Read this nice peaceful talk of a
non-aggressor nation.

***Just one factual mistake by the author:
The planning-session for the Afghanistan
invasion happend before 9/11!

Published 21:24 20.05.10

HAARETZ -- Buzzing Iran

He was at the Pentagon when it was hit on
9/11, and later headed the USAF. A
conversation with Michael Moseley, who helped
run America's aerial war over Iraq and
Afghanistan, about what might be involved in
taking on the Islamic Republic

By Amir Oren

A fine September morning welcomed U.S. Air
Force Lt. Gen. Charles Wald when he arrived
at the Pentagon, where he had come from Shaw
Air Force Base in South Carolina to continue
his transition talks with a colleague, Maj.
Gen Michael Moseley. Wald's nickname was
Chuck. Moseley was known to his friends as
Buzz, in the flyboy tradition of the comic
strip hero Buz Sawyer, astronaut Edwin "Buzz"
Aldrin and Buzz Lightyear in the Disney-Pixar
film "Toy Story."

In two months, Wald was to advance to
four-star rank as the deputy commander (and
de-facto chief ) of the U.S. European
Command, which has jurisdiction over Israel,
too. Moseley, the air force's congressional
liaison, would get his third star in the job
Wald held, leading Central Command's air
forces (CENTAF ) and the 9th Air Force,
headquartered at Shaw. In that capacity, he
would in contingencies come under U.S. Army
Gen. Tommy Franks of CENTCOM. But no such
contingency was foreseen, though it was
generally known that President George W. Bush
was spoiling for a re-run of 1991 with Saddam
Hussein.

But it was September 11, 2001, and at 9:37
that morning the world turned upside down.
The Pentagon's sturdy premises shook, and
smoke rose from the section of the giant
structure that had been struck by a Boeing
757 - American Airlines Flight 77, en route
from Washington Dulles airport to Los
Angeles. The jet had been commandeered by
five hijackers who killed themselves, the 64
passengers and crew aboard, together with 125
military personnel and civilians within the
Pentagon.

At that very moment, the job of CENTAF chief
became all-important, and in short order
Moseley was to successfully supervise two air
wars, for which he was rewarded with an
appointment as USAF chief of staff, a
position he held from 2005 to 2008.

Wald and Moseley were in Israel last week for
a seminar held by the Fisher Institute for
Air and Space Strategic Studies, an Israeli
organization that advocates the strategic
benefits of air and missile power. Both are
retired now, but they have not set aside
their insights, lessons learned and
prescriptions.

Wald has gone public with his reasoned
conviction that "there is a military option
on Iran," contrary to the fears voiced by
commentators who warn that bombing Iranian
nuclear facilities could only be partially
effective, with the ultimate costs
outweighing the benefits. In a conversation
with Haaretz at the Fisher Institute's
Herzliya office, Moseley was more cryptic,
not wishing to appear as being either for or
against an American or Israeli operation, but
his message did come through. Or so it seems.
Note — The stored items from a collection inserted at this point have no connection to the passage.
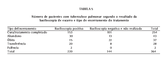 Foram definidos os seguintes desfechos(4), como resultado do tratamento: encerramento por cura ou tratamento completado, quando, durante o tratamento, o paciente apresentava duas baciloscopias negativas, uma na fase de acompanhamento e outra no final do tratamento (foram, também, considerados neste grupo, os pacientes com baciloscopia negativa para bacilo álcool-ácido resistente (BAAR) no início do tratamento e que usaram a medicação pelo tempo previsto - cura não comprovada ou tratamento completado); encerramento por abandono, quando o doente deixava de comparecer à unidade por mais de 30 dias consecutivos, após a data prevista para retorno; encerramento por transferência, quando o doente era transferido para outro serviço de saúde; encerramento por óbito, por ocasião do conhecimento da morte do paciente, durante o tratamento e independentemente da causa; encerramento por falência, quando havia persistência da positividade do escarro ao final do tratamento ou manutenção da positividade até o quarto mês.
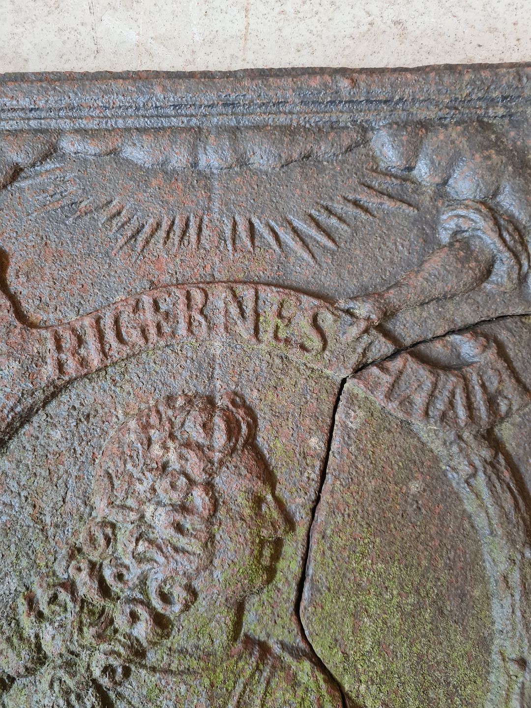 Antikt relief i smedejern, med brugsspor og patina.
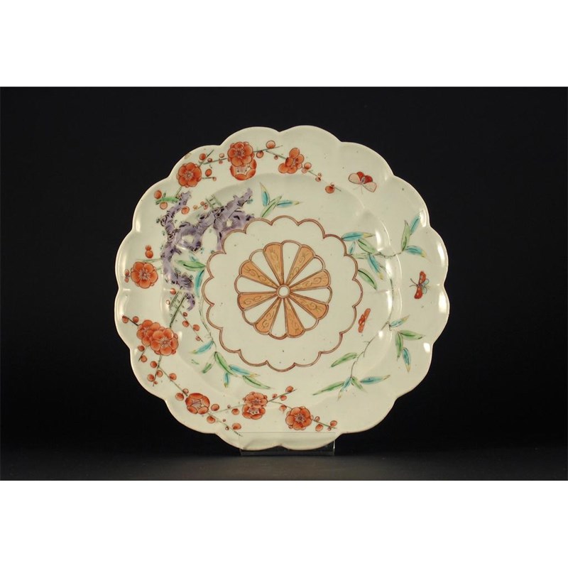A Chelsea lobed, moulded plate, painted with bamboo leaves and a flowering prunus branch encircling a chrysanthemum motif, red anchor mark. A 6mm rim chip. c.1755, 24.5cm.
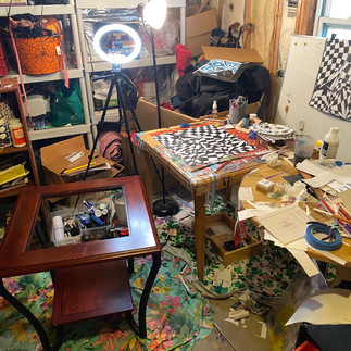 I got started on the back piece first, because I knew it would be the most tedious. I had a great picture in my head: splatter the table and incorporate my favorite pattern: checkerboard. However, I didn't want to paint just a boring checkerboard. I used Puppet Warp on Photoshop to create the pattern. Below, you can see the process from development to execution of the checkerboard:
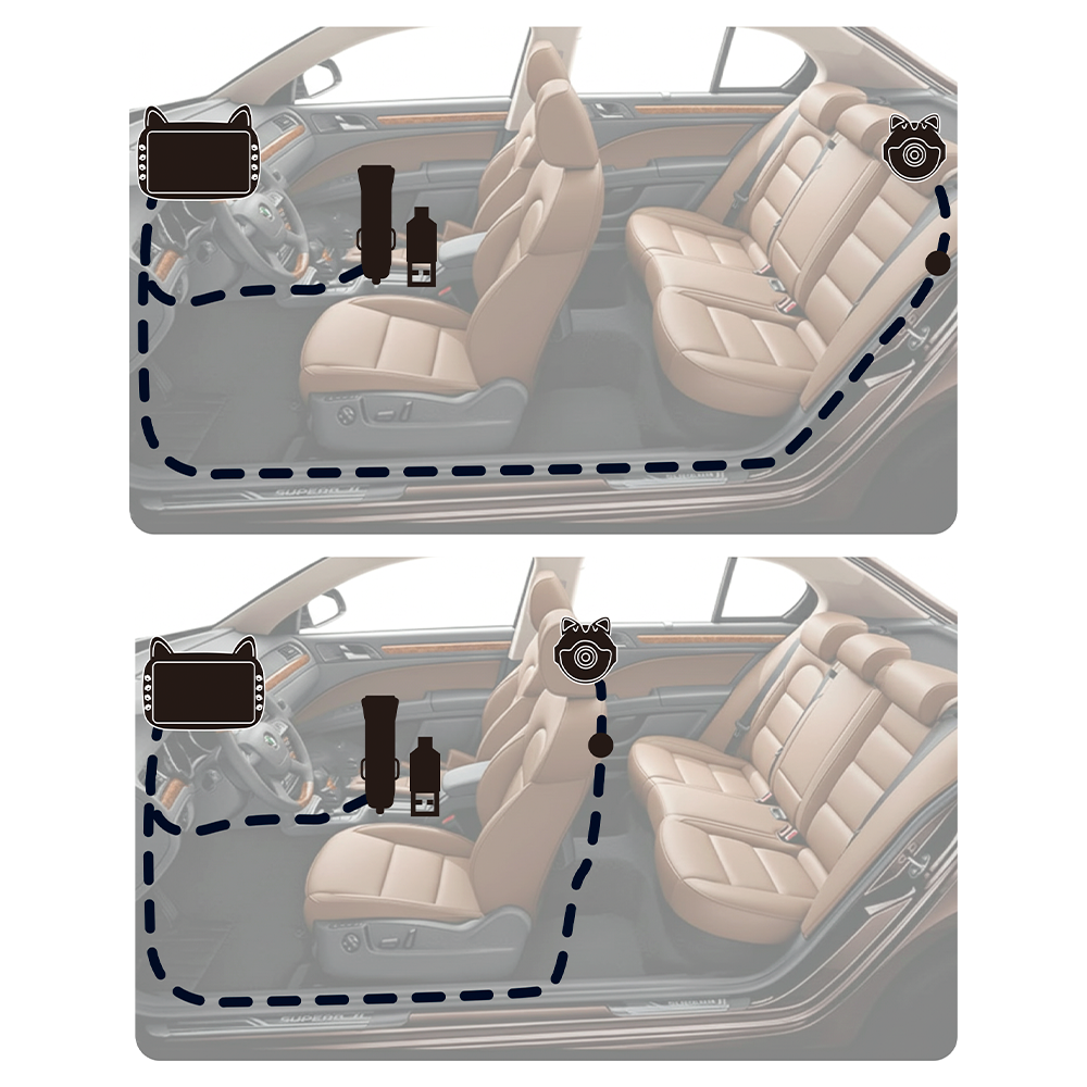 La caméra se fixe généralement à l’aide de sangles ou de supports réglables qui s’adaptent aux appuie-têtes de la plupart des véhicules. L’écran peut être positionné de manière à rester visible sans gêner la conduite.

Gen. Moseley is an expert on the promises and
limitations of airpower, from Afghanistan to
Iraq and beyond, perhaps including Iran,
though he would rather speak "generically,"
as if Serbia and Kosovo, Mogadishu and the
Asian wars have a common denominator. Some of
the work could be done from the air, some
must be done from the ground, and in any
event, it is better done by a superpower
leading a coalition. Based on the two Iraq
wars, plus Afghanistan, one also infers from
him that for political and diplomatic
reasons, a major provocation - even an
outrageous event - must precede a major
allied aerial offensive or invasion.

"even" !! OF COURSE! 911 WAS AN INSIDE JOB.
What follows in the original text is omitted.